Post #1 of 6 (638 views)
This book was praised highly by Tolkien but from my glancing it is a tough read Can't Post

by E. R. Eddison


"..Before diving in, there are a few things to be aware of. The rich language Eddison uses is based on Tudor and Jacobean English, with some modern anachronisms; it may take some getting used to, and occasionally a trip to the unabridged Oxford English Dictionary...."

Has anyone actually sat down and plowed through this book?
A retelling in more "modern" language would be of help for whoever
owns the copyright....this is done all the time with Bibles and other texts
written in archaic English etc. I know the language is part of the appeal and charm but if very few read it what good is that?

(This post was edited by Eruonen on Jul 30 2012, 2:51pm)


Jul 30 2012, 3:29pm

Post #2 of 6 (286 views)
It has the advantage of coming before Tolkien, [In reply to] Can't Post

but I never made my way through it all. The language is just so stylized. Still, I have been assured that it is worth it, if you can make the effort, or don't find it to be an effort.

(This post was edited by Curious on Jul 30 2012, 3:30pm)


Jul 30 2012, 4:36pm

Post #3 of 6 (242 views)
Revealing footnote on that site you gave [In reply to] Can't Post

To be accurate, Tolkien also pointed out that his work was not derivative from Eddison, had some pointed criticism of the ad-hoc nature of the the languages and geography of the Worm Ouroboros, and disliked most of the characters except for Lord Gro.

I have trouble with any book or movie where I don't like the characters. The Gormenghast novels fall in that category, and they were recommended to me by various Tolkien lovers.

Forum Admin / Moderator

Jul 30 2012, 4:38pm

Post #4 of 6 (225 views)
I read it through, years ago [In reply to] Can't Post

And my sole recollection is that the language made the reading experience unpleasant.

It was - well, "clunky", and had an artificially archaic feel.

Maybe it was just that I'm used to Tolkien's very fluid and "readable" use of archaic-style language! Evil


"I desired dragons with a profound desire"

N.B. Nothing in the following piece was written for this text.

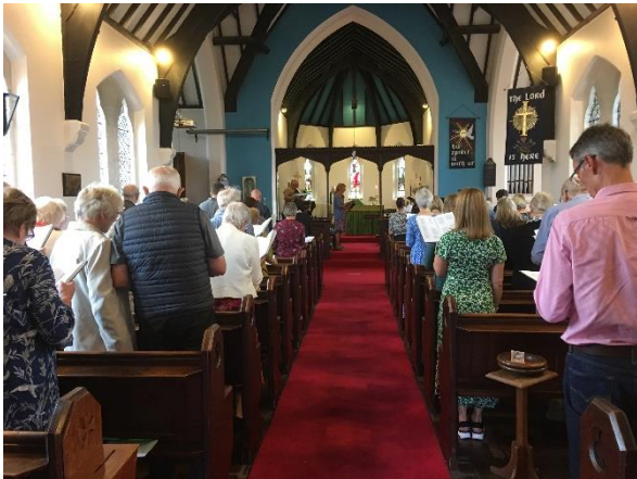
Combined Service at St Anne's

In St Anne's the Order of Service has remained constant and identical to that used in St Bart's. The Parish Orders of Service, used for all Communion, were introduced by the Rector before last and have remained in use. In both Churches the first (usually New Testament) Reading and the intercessions are led by members of the congregation.

"It struck me last night that you might write a fearfully good romantic drama, with as much of the 'supernatural' as you cared to introduce. Have you ever thought of it?"
-Geoffrey B. Smith, letter to JRR Tolkien, 1915


Jul 30 2012, 10:27pm

Post #5 of 6 (226 views)
I liked the Gormenghast books (at least the first two), but [In reply to] Can't Post

they are VERY different from Tolkien. I wouldn't want to spend time in Gormenghast, but I did find the grotesqueries wrought by Mervyn Peake's imagination bizarre and interesting. I don't re-read the books the way I read TH and LotR though.

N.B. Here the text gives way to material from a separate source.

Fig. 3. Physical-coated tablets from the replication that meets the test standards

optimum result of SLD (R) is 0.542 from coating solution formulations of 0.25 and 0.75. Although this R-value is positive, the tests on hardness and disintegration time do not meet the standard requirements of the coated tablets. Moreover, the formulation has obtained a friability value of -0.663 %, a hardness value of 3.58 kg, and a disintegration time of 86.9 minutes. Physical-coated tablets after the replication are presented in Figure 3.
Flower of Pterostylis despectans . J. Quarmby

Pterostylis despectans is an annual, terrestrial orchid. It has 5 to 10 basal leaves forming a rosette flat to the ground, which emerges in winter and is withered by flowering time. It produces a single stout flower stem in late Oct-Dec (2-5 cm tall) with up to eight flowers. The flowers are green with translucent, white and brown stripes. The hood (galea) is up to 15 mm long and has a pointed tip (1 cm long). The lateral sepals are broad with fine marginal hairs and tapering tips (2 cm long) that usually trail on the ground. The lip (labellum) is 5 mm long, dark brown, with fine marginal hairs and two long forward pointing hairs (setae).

I've tried to read Ouroborous a few times but I think the language almost gets in the way of the story because the style is a bit self-conscious for my taste. I've never finished it.


Jul 31 2012, 10:17am

Post #6 of 6 (341 views)
well, I suppose it depends on your reaction to the style [In reply to] Can't Post

I found the book a great read, itīs a fascinating story with varied characterizations, vivid descriptions and a strong sense of style. In terms of ethics and morals the book doesnīt have the impact that for instance LoTR does, though. The deliberately archaized style might put you off, but itīs definitely worth trying. In my view the books deserves a status as one of the absolute classics of fantasy.